Seu primeiro livro, “Palmeira Real” (poesias), foi publicado em 1934, quando tinha apenas 23 anos de idade. Logo depois viria a dar início aos seus romance-históricos, tendo em vista sua profissão de topógrafo do Ministério de Viações e Obras do governo que o levou aos confins do Nordeste. Como um Euclides da Cunha contemporâneo, ele ficaria do lado não-oficial da história, perfilando em seus romances personalidades como Ganga-Zumba, Anita Garibaldi, Xica da Silva, João Abade (de Guerra dos Canudos), Carlota Joaquina e Domingos Calabar (em Major Calabar), personas muitas das vezes “não grata” à história oficial e por isso execrados dos livros didáticos.
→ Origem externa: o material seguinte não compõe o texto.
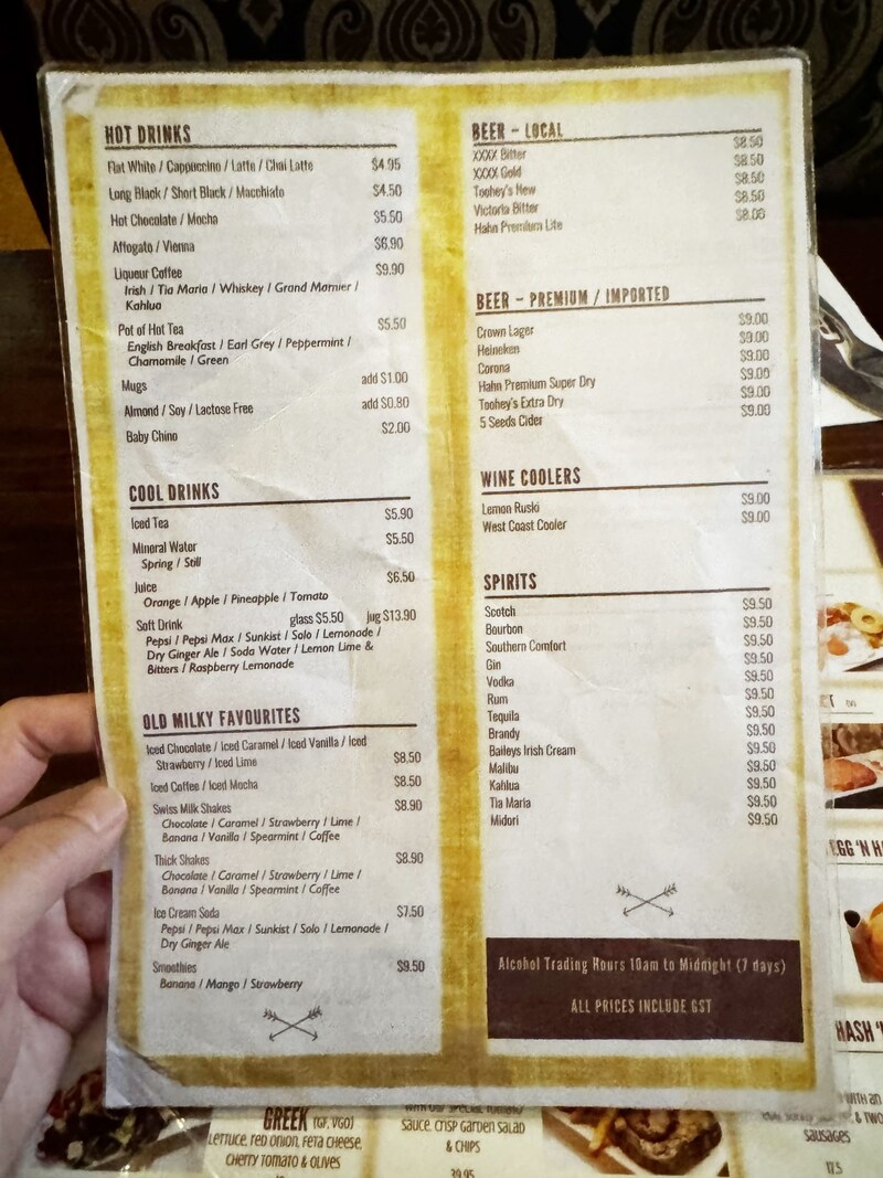 ドリンクメニューを見てみると、おおっ! ビールやカクテルも飲める。でもまだ昼間なので、レモンティーにしました。ちなみに、シェイクも名物らしいです。甘いパンケーキと、甘いシェイク、エネルギー充填で癒やされたいときは最高かもしれない。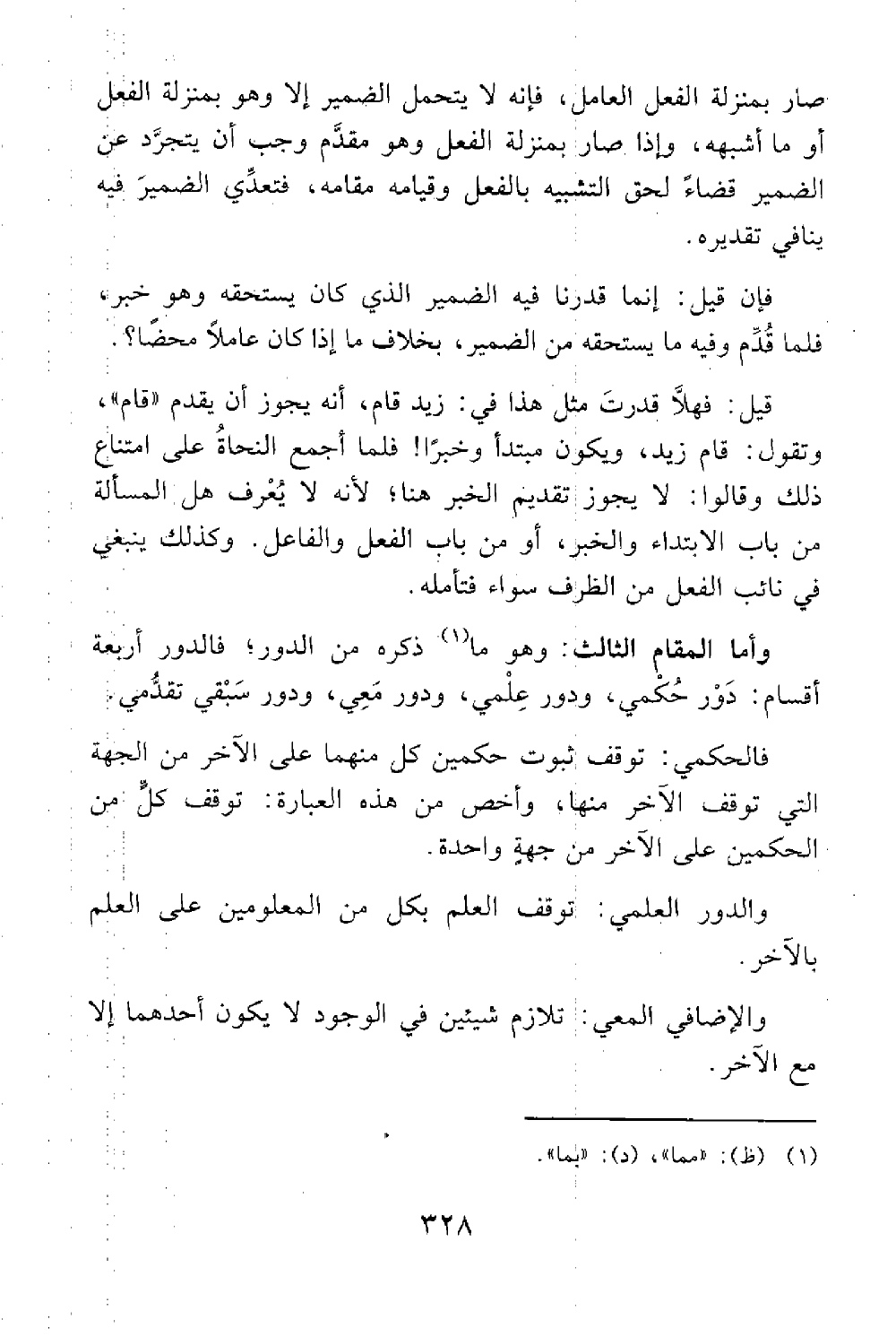 وأما المقام الثالث وهو ما ذكره من الدور فالدور أربعة أقسام دور حكمي ودور علمي ودور معي ودور سبقي تقدمي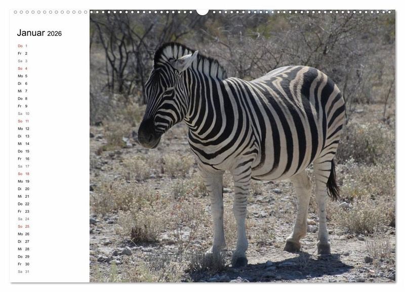 Gezeigt werden auf 12 Bilder verteilt einen Reise durch die vielfältige Tierwelt Namibias. Die "Big Five" sind mit Leopard und Elefant vertreten, die "Little Five" mit der "Dancing White Lady" und dem Namib-Gecko. Dazu weitere Tiere wie Springböcke, Giraffen und Zebras. Ausgeführt als praktischer Terminplaner.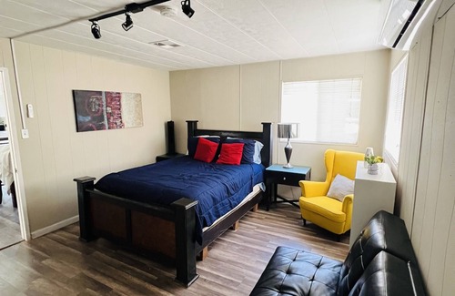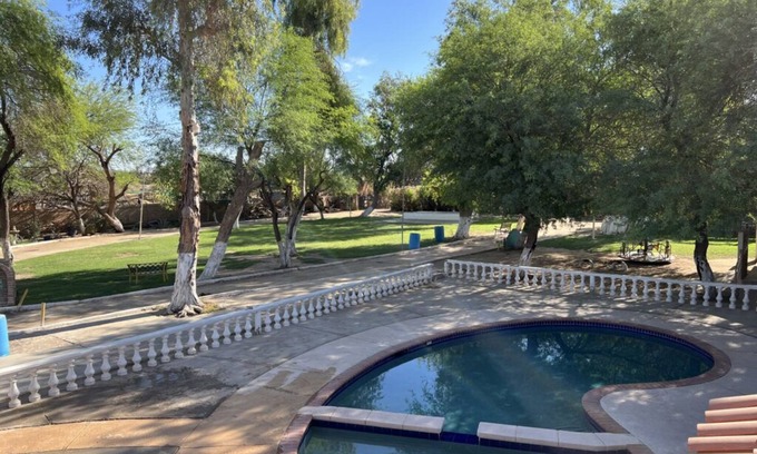 Welcome to this charming farmhouse in Mexicali. This superb property offers a serene and marvelous retreat for guests. With 3 queen beds, 2 twin beds, and 1 bunk bed, there's plenty of space for everyone to unwind. The living room features 5 sofa beds, providing additional comfort. Stay connected with WiFi, enjoy the cool AC, and take advantage of the iron and washing machine. With 2 bathrooms. We also count with Pool, outdoor kitchen with grill, rockola, swimming Pool, playground. Whether you're exploring the city or simply relaxing in the cozy farmhouse, we'll be available to answer any questions while you stay at our place.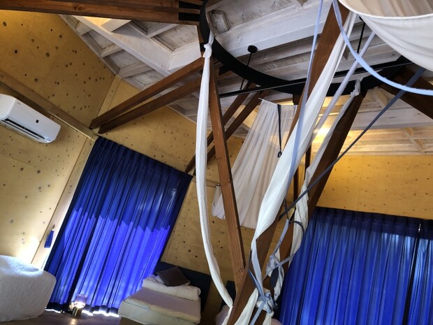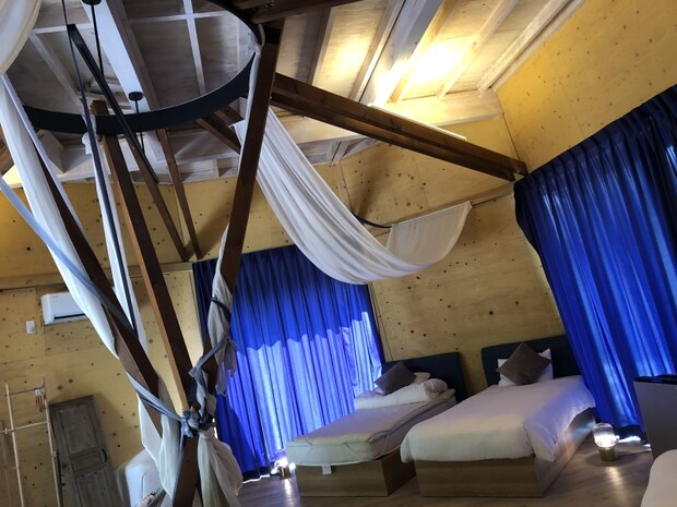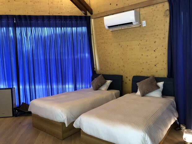 お部屋の中の装飾はそれぞれのテントで違うかもしれませんが、ラグジュアリー感のある内装でワクワクします。もちろん、こちらの寝室にもエアコンが完備。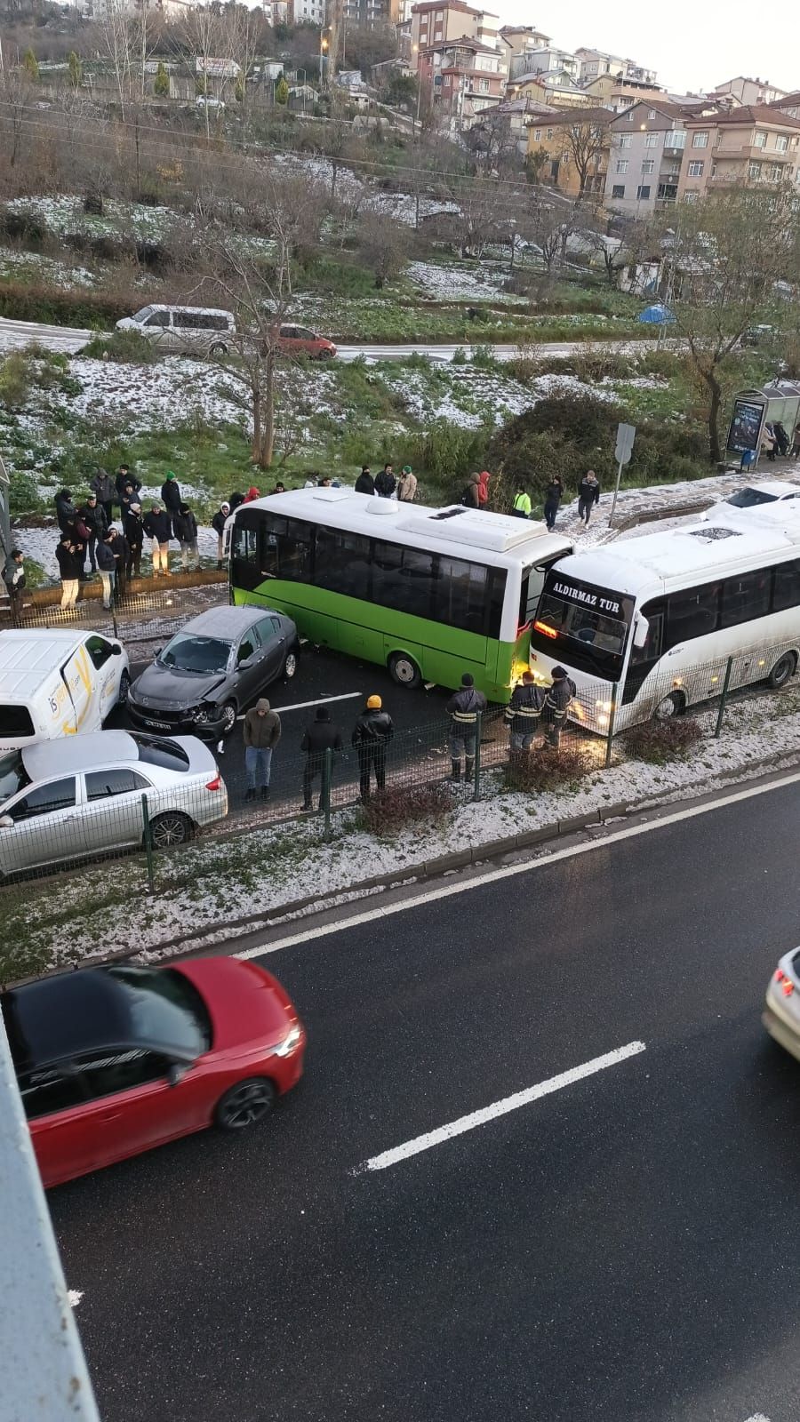 Kaza, sabah saatlerinde Ereğli ilçesi Yeşiltepe Mahallesi Devrek Yolu Caddesi'nde meydana geldi. Yoldaki buzlanma nedeniyle halk otobüsü, işçi servisi, hafif ticari araç ve 2 otomobil, kayarak birbirine çarptı. Kazada araçlarda hasar oluştu. Kaza nedeniyle yol trafiğe kapandı. İhbarla bölgeye gelen polis ekiplerinin müdahalesi ile araçlar yoldan kaldırıldı. Araç sürücüleri, hazırlanan kaza tutanağının ardından olay yerinden ayrıldı. Yolda ulaşım normale döndü.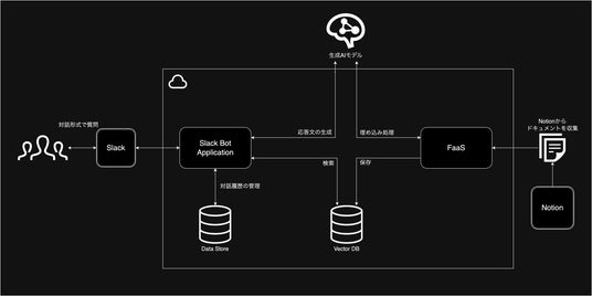 - 社内の膨大なNotionドキュメントから必要な情報を抽出し、大規模言語モデルを用いて質問に対する応答文を生成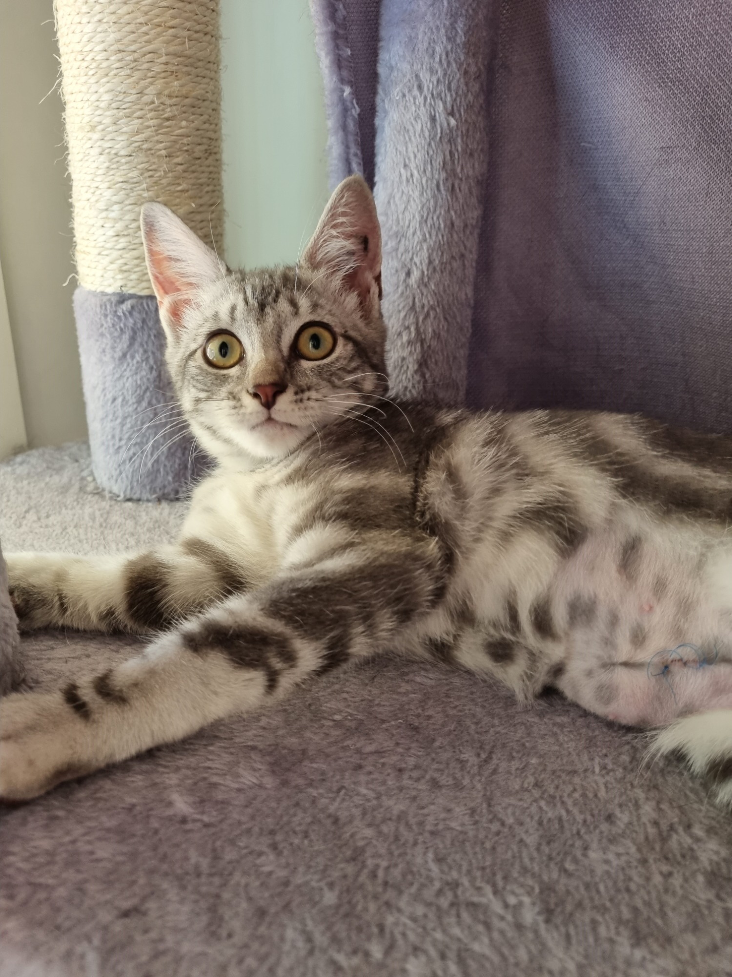 Reya loves her toys. You can quite often find her inside her toy box pulling out the toys she wants to play with. Her favourites are balls that she can chase around the house ⚽️ Reya will also happily play with her toys with her foster humans as long as they sit quietly with her. She also loves to climb to the very top of her cat tower so she can look down on everyone.

Autor de uma obra, principalmente centrada no romance-histórico, publicou em vida os seguintes livros: "Palmeira Real" (poesias/1934); "O pântano também reflete estrelas" (romance/1949); "João Bola" (infantil/1956); "João Abade" (romance/1958); "Major Calabar" (romance/1960); "Ganga Zumba” (romance/1962 - com ilustrações de Carybé); "Cristo de lama" (romance/1964); "A Menina e o Navio" (infantil/1964); "Canto Geral das Minas de Goytacazes" (poesias/1965); "Zag, Zeg, Zig no espaço" (infantil/1967); "Carlota Joaquina, a Rainha Devassa" (romance/1968); "Ataíde, azul e vermelho" (romance/1969); "Do Ipiranga à Transamazônica" (infantil/1972); "O Doquinha" (infantil/1973); "A Marca e o Logotipo Brasileiros" (livro técnico/1974); "Nico Piá" (infantil/1975); "Xica da Silva" (romance/1976); "Os Trilhos" (romance/1976); "A Guerrilheira - O Romance da vida de Anita Garibaldi" (romance/1979); "Benedita Torreão da Sangria Desatada" (1983) e "Margueira Amarga", romance, em 1985, com ilustrações de Poty.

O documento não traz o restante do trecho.